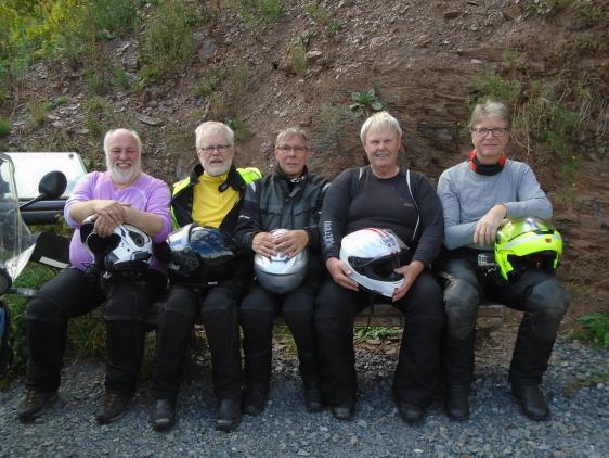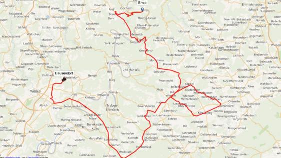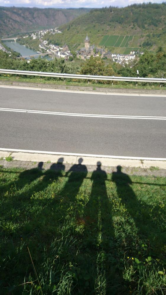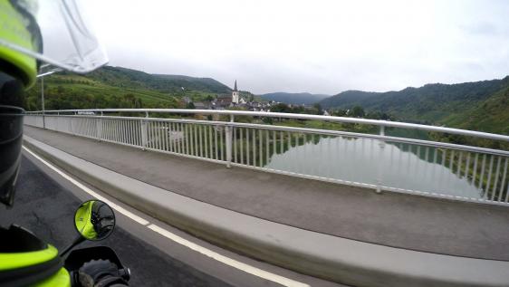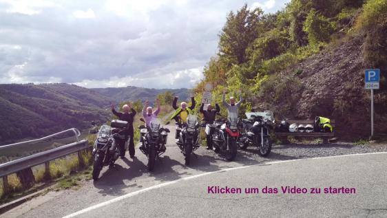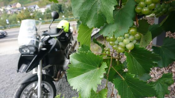 Unser Lieblingspausenplatz ist in der Kehre an der Straße zwischen Valwig und Valwigerberg. Obwohl die Bank genau in der Kurve steht kann man auf dem Feldweg die Mopeds parken und dort die Seele baumeln lassen. Die Augen saugen derweil die Weinberge, die Mosel und die kleinen Orte im Tal auf. Die Villa Andrè ist auch sehr gut zu erkennen. Wenn wir das dritte Mal hierherfahren, versuchen wir das erste Bier durch taktische Zeichen von hier zu bestellen. :-) |
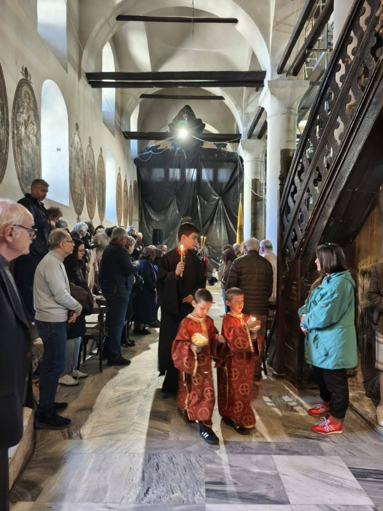 Το πρωί της Μεγάλης Παρασκευής, ο Σεβασμιώτατος Μητροπολίτης Ιωαννίνων κ.κ. Μάξιμος μετέβη στον ως άνω Ιερό Ναό, όπου χοροστάτησε της Ακολουθίας των Μεγάλων Ωρών και του Εσπερινού της Αποκαθηλώσεως, κατά τον οποίο κορυφώνεται το Θείο Δράμα.
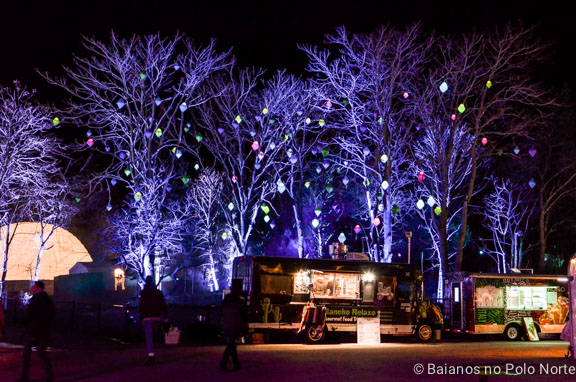 – Na beira do lago venta bastante, então é muito importante se vestir adequadamente. No dia da nossa visita estava apenas -4C mas sentimos muito frio por causa do vento. Dentro do festival há várias áreas com aquecimento para podermos escapar do frio por alguns minutos, como a área de entretenimento ao lado da pista de patinação ou a tenda do Papai Noel.

- _TASK GOAL_
Reproduce the listing verbatim, and keep the pictures out of the copy.

- _TASK RESPONSE_
 Unser Lieblingspausenplatz ist in der Kehre an der Straße zwischen Valwig und Valwigerberg. Obwohl die Bank genau in der Kurve steht kann man auf dem Feldweg die Mopeds parken und dort die Seele baumeln lassen. Die Augen saugen derweil die Weinberge, die Mosel und die kleinen Orte im Tal auf. Die Villa Andrè ist auch sehr gut zu erkennen. Wenn wir das dritte Mal hierherfahren, versuchen wir das erste Bier durch taktische Zeichen von hier zu bestellen. :-) |
 Το πρωί της Μεγάλης Παρασκευής, ο Σεβασμιώτατος Μητροπολίτης Ιωαννίνων κ.κ. Μάξιμος μετέβη στον ως άνω Ιερό Ναό, όπου χοροστάτησε της Ακολουθίας των Μεγάλων Ωρών και του Εσπερινού της Αποκαθηλώσεως, κατά τον οποίο κορυφώνεται το Θείο Δράμα.
 – Na beira do lago venta bastante, então é muito importante se vestir adequadamente. No dia da nossa visita estava apenas -4C mas sentimos muito frio por causa do vento. Dentro do festival há várias áreas com aquecimento para podermos escapar do frio por alguns minutos, como a área de entretenimento ao lado da pista de patinação ou a tenda do Papai Noel.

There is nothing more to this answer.